======== INPUT RECORDS ========

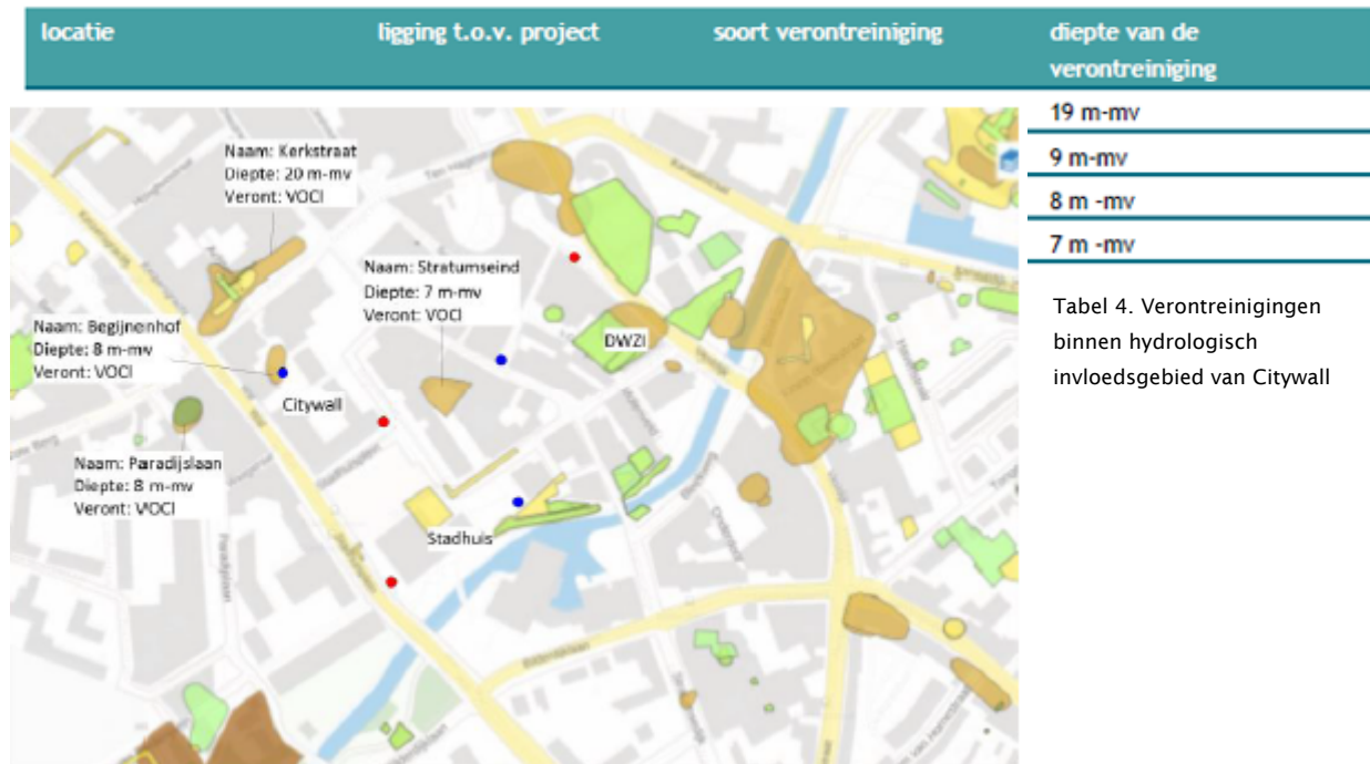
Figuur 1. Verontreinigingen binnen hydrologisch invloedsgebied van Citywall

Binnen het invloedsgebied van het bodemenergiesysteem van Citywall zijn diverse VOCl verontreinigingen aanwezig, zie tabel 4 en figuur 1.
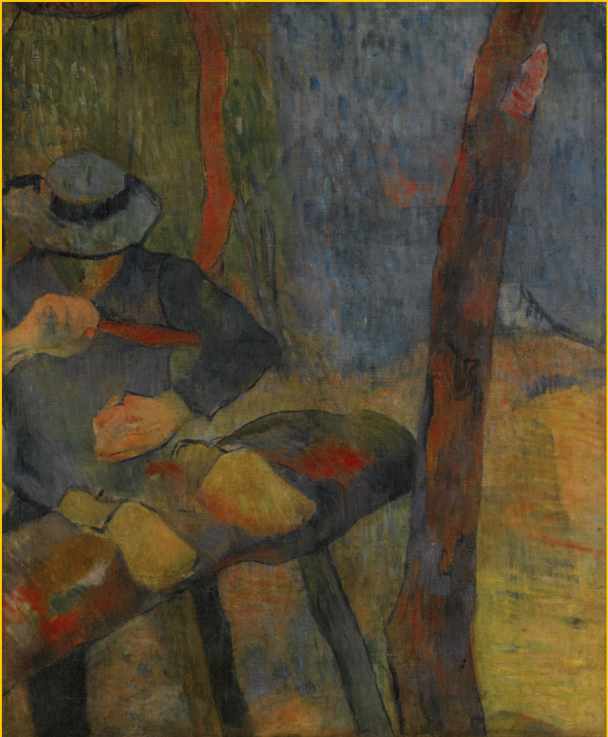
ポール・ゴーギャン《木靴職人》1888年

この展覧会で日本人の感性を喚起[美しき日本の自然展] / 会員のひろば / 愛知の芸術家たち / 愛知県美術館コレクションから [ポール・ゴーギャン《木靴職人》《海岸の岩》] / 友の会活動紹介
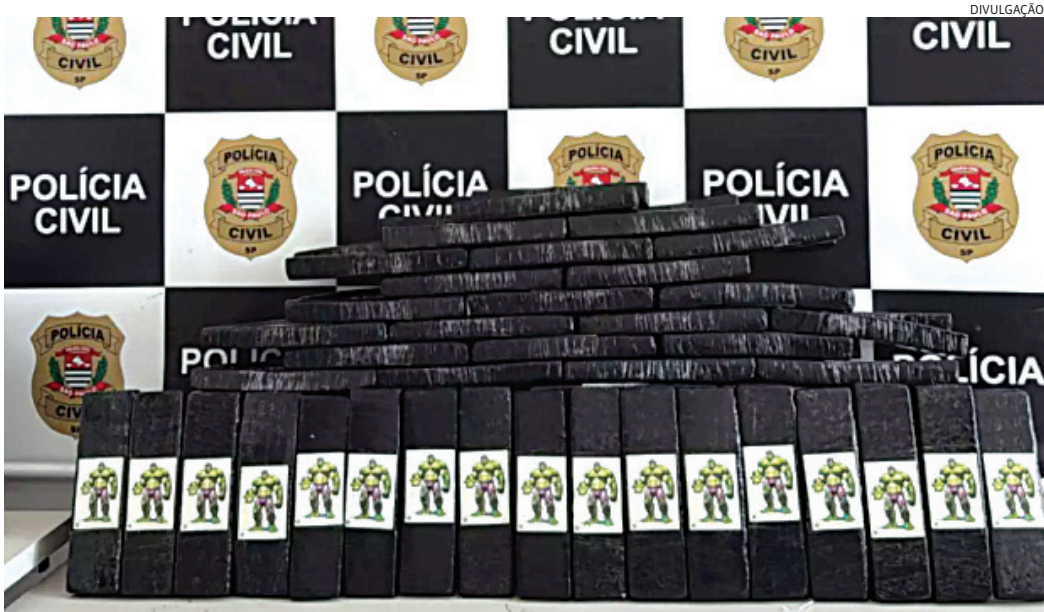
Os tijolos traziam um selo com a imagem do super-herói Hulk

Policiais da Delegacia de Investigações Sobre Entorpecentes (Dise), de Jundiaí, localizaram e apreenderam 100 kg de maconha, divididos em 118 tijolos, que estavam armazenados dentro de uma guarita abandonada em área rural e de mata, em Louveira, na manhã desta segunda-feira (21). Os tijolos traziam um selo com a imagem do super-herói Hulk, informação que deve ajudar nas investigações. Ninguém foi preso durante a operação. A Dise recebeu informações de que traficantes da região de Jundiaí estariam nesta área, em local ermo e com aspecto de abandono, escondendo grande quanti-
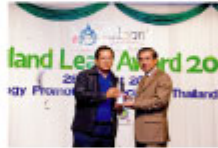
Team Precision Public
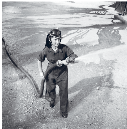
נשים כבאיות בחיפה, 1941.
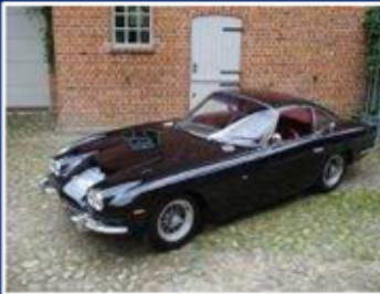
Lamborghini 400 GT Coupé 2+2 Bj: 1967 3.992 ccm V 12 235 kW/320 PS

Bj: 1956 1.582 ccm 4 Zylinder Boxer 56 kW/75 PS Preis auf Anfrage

========

▶ **WORK REQUEST**
Nothing but a number should be given: the count of lines above that include the string "herói".

▶ **RESULT OF THE EXERCISE**
2